Singer, songwriter and producer Ryan Tedder may not be a household name, but he has been inescapable in the charts and on the airwaves in recent weeks.
He fronts OneRepublic, whose song Apologize has been remixed by Tedder's mentor Timbaland and has reached the top five in the US and UK.
Ryan Tedder had a hand in two songs currently in the UK top five
And Tedder wrote and produced Bleeding Love, the UK number one single sung by X Factor winner Leona Lewis.
He has also written and produced songs for Jennifer Lopez, Natasha Bedingfield, Chris Cornell and Paul Oakenfold.
How have you suddenly managed to take over the charts?
They say when it rains it pours, and that's how it's been. I was writing and having decent successes here and there, and then all of a sudden all this material that I've worked on for the past year has come out at once - Leona, Natasha Bedingfield, J-Lo, OneRepublic. It's just been non-stop.
What came first - being in a band or working on other people's songs in the studio?
When I moved to LA, I was penniless, absolutely beyond broke and in debt up to my eyeballs. I promised myself I had to make a living doing music or I'd be homeless. I sold my car to buy recording equipment. If there is rock bottom, that's where I was.
OneRepublic was my passion during the night, and during the day it was 'who needs a song, who else can I write for?'. The first year or two were very lean, and as I started to have more success with the writing, it happened to coincide with OneRepublic starting to connect.
OneRepublic release their debut album on 20 November
I never would have predicted it but they both blew up at the same time, and I couldn't have planned it better or worse I guess. Now I'm super in-demand as a producer/writer but all my time is OneRepublic.
You started off by winning a TV talent show on MTV in 2000...
I had moved to Nashville and two months later, I was on MTV. I performed a song and two million people watching called in and voted. I won a record deal and got offered a big publishing deal.
And then two weeks after being on MTV, I was waiting tables picking up chips off the floor. It turned into nothing. It was all on paper - it wasn't real. It was just a bunch of hype that didn't turn into anything.
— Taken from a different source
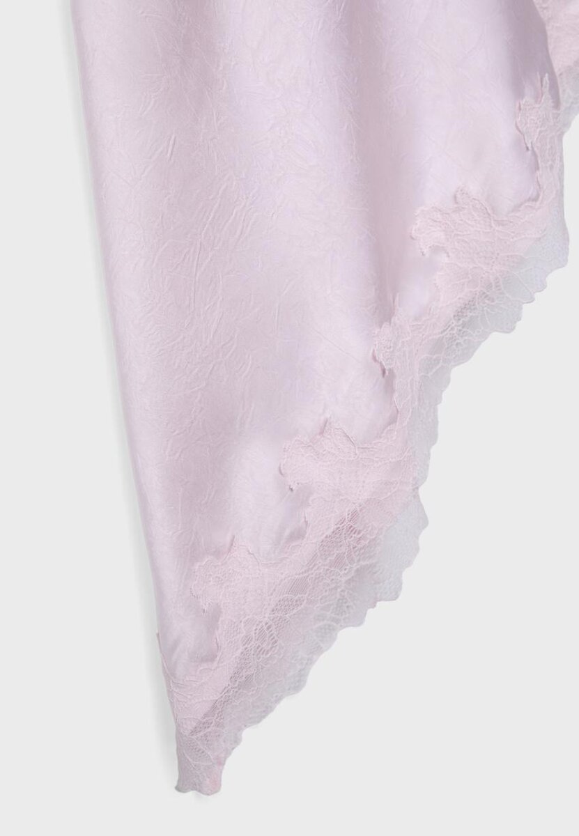 Kort kamisolekjole i stoff med sateng-effekt. Har V-hals og justerbare, smale stropper. Detaljer i ton-i-ton-blonder. Asymmetrisk kant. Lukking i siden med usynlig glidelås.

Would you advise someone to go on a TV talent show?
I would never advise anybody to make that their primary effort. That's the thing you do when you've tried everything else, and everything else didn't work. Looking back, would I do that show again? Not in a million years.
You have to be very careful with that stuff - obviously it worked out for Kelly Clarkson and it's working for Leona, but there's a backlash to it.
Producer Timbaland took Tedder under his wing
But the good news is that Timbaland saw me on that TV show and that's where the Timbaland thing kicks in. He watched that show and it took him a year but he tracked me down.
You've been described as Timbaland's protege - is that true?
I was with him from 2002-2004 to develop as an artist, but it turned out to be more like going to school for producing. I was already producing for other artists at the time, but being with him for two years stepped up my game a thousand-fold.
Then OneRepublic got signed and then dropped - that was probably the hardest part. Trying to come back from that nearly destroyed us, but that's when MySpace became critical. We were the number one unsigned act on MySpace.
MySpace kept us together as a band - we almost broke up but we kept getting e-mails from listeners saying 'Apologize helped me get through the worst relationship of my life' - countless e-mails from people whose lives were changed because of songs we were writing. E-mails like that make up for everything.
Give us an American perspective on Leona Lewis's talent.
Her voice without question is one of the best out there. There's always going to be room for the divas, the big-voiced female singers who sing huge songs that last a long time - the Mariahs, the Whitneys, the Celines. For Leona to work in the US, a lot of the songs will be the same but the packaging will be different.
If you're going to push that kind of music - big ballads and big songs - you have to be edgier, they can't be clean and polished, it just doesn't work in the States. I think the urban music scene has been so influential in the last five or 10 years that everything has a slight edge to it.